Yet the Supreme Court’s judgment should be welcomed even by those who believe, as I do, that politics is not the proper business of courts of law. The objection to judicial intervention in politics is that it undermines the democratic legitimacy of public decision-making. The court’s judgment, however, is not concerned with the political issues surrounding Brexit. It is concerned with the process by which those issues are to be resolved. Its effect is to reinstate parliament at the heart of that process.
The question for the rest of us is whether we still believe in the parliamentary model that the Supreme Court has vindicated. Underlying the debate about the merits of leaving the European Union, there is an even more fundamental conflict between two opposing claims to democratic legitimacy, one based on the referendum and the other on the parliamentary process. Most of our difficulties over the past three years have arisen from the misguided attempt to insert a referendum into a fundamentally parliamentary system.
I have lost count of the number of times that prominent Brexiters have declared that by authorising the referendum Parliament delegated its sovereignty to the majority. The argument is completely untenable. Leaving the EU and creating other arrangements to replace it requires new laws. It requires complex political judgments about our future relations with the EU.
Parliament is the supreme source of law. It is also the only body to which ministers can be continually accountable for their political judgments about Brexit or anything else. It is central to our whole political system. A referendum can serve none of parliament’s functions. It is not a source of law. It is not a mechanism for holding ministers to account. It is a snapshot of public opinion, and as such an important political fact for parliamentarians to take into account. But that is all it is.

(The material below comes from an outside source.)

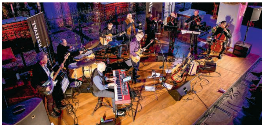
Bluesfestival Baden: Blues 'n' Classic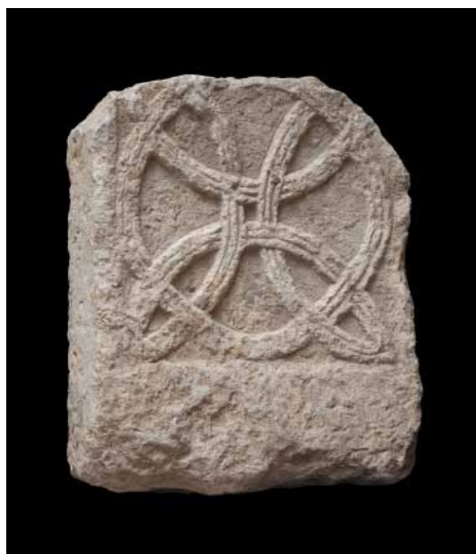
Sl. 4. Predromanički plutej iz Sv. Petra u Slatinama, 9. st. (Muzej hrvatskih arheoloških spomenika, inv. br. 2255) / Fig. 4. Pre-Romanesque chancel screen panel from St Peter in Slatine, 9 th c. (Museum of Croatian Archaeological Monuments, Inv. no. 2255)

The parliamentary process is fundamental in another, even more important sense. It is a mechanism for accommodating opposing opinions and interests in our society. To gain power, political parties have to appeal to a wider base than tribal faithfuls and single-issue fanatics.
A legislature whose membership reflects the balance of political parties is therefore a natural forum for compromise. In a Brexit context this might mean membership of the customs union or the European Economic Area or something similar under a different name. These half-way houses are in many ways impure and unsatisfactory. Few people would make them their first choice. But it is probable that a larger proportion of the electorate could live with them than with any other solution.
Appeals to the referendum as an alternative source of legitimacy are really calls to reject compromise. Proroguing parliament was a method of circumventing the political process, and avoiding the pressure to compromise that is inherent in it. It is absurd to criticise the House of Commons for being just as divided as those whom it represents; and dangerous to obstruct its attempts, however laborious and accident-prone, to accommodate our divisions and avoid the aggressive extremes at either end of the Brexit spectrum.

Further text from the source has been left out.